■ Assignment ■
Below is some data. Retype exactly the lines starting at the one with "Selling multiple hair" and ending at the one with "Peptide ELISA: Limit".

■ Given entries ■
::::
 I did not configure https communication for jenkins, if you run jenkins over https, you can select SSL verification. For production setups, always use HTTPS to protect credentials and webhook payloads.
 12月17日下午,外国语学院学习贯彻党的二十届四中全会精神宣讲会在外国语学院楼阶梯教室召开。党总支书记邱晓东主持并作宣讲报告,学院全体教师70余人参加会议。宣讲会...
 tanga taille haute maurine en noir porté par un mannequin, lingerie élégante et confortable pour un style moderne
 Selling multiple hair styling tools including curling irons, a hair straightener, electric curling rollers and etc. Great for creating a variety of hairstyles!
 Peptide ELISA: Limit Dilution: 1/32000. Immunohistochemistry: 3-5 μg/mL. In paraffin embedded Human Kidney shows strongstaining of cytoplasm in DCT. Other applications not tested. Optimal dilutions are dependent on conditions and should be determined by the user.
::::
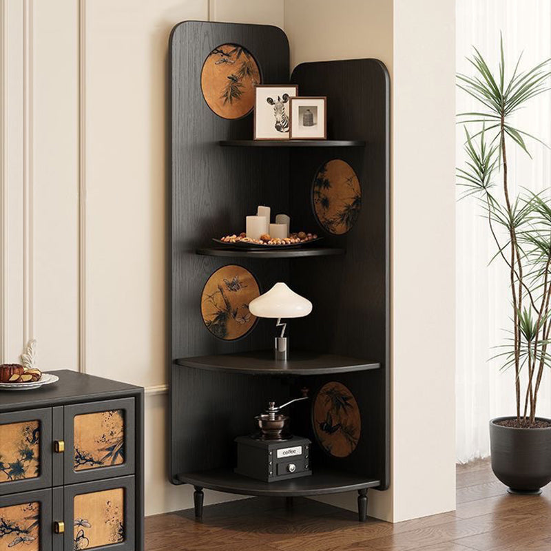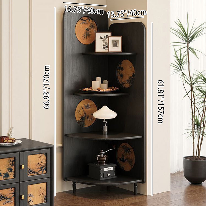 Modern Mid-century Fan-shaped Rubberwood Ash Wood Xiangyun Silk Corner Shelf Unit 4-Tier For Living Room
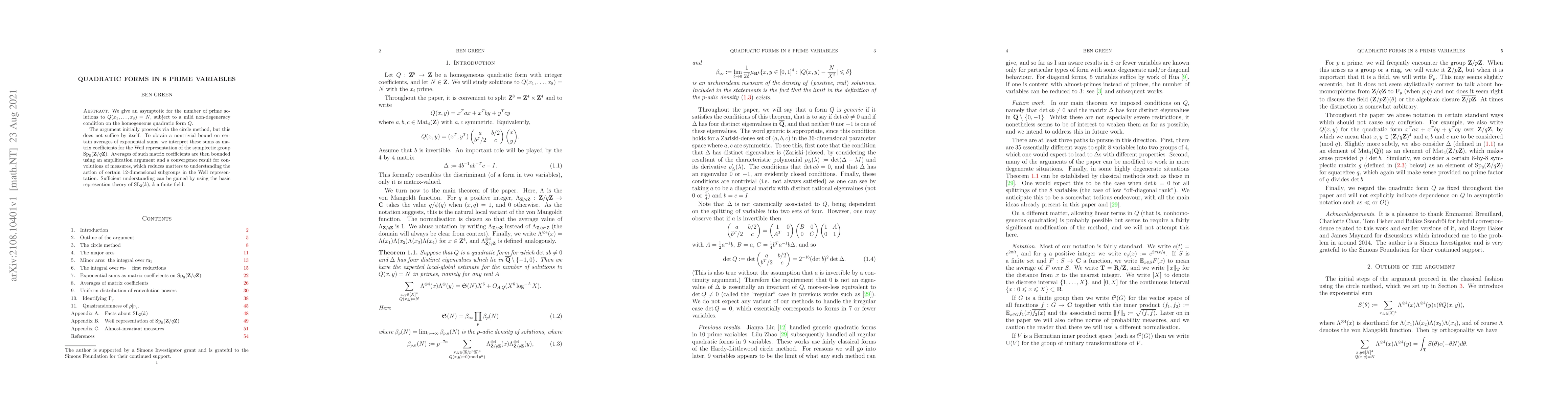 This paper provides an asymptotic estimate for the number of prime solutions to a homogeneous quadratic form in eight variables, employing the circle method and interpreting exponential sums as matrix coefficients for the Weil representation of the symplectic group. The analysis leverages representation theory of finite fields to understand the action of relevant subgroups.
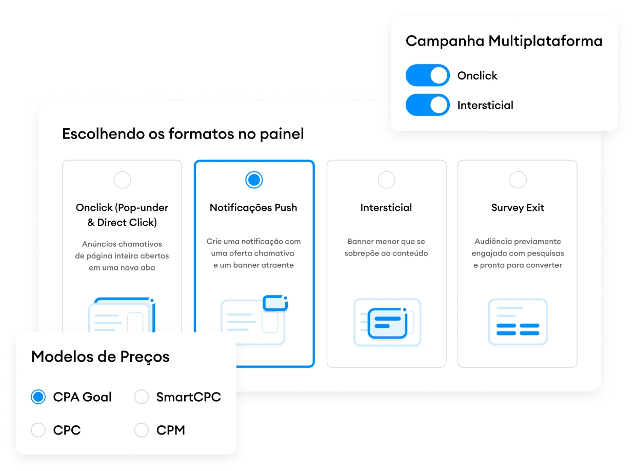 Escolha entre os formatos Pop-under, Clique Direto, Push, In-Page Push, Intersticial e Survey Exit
::::
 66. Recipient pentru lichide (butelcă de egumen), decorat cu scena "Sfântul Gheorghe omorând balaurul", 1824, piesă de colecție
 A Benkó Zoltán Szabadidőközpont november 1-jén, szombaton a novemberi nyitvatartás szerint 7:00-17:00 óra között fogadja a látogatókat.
::::
■ Answer box ■
 Selling multiple hair styling tools including curling irons, a hair straightener, electric curling rollers and etc. Great for creating a variety of hairstyles!
 Peptide ELISA: Limit Dilution: 1/32000. Immunohistochemistry: 3-5 μg/mL. In paraffin embedded Human Kidney shows strongstaining of cytoplasm in DCT. Other applications not tested. Optimal dilutions are dependent on conditions and should be determined by the user.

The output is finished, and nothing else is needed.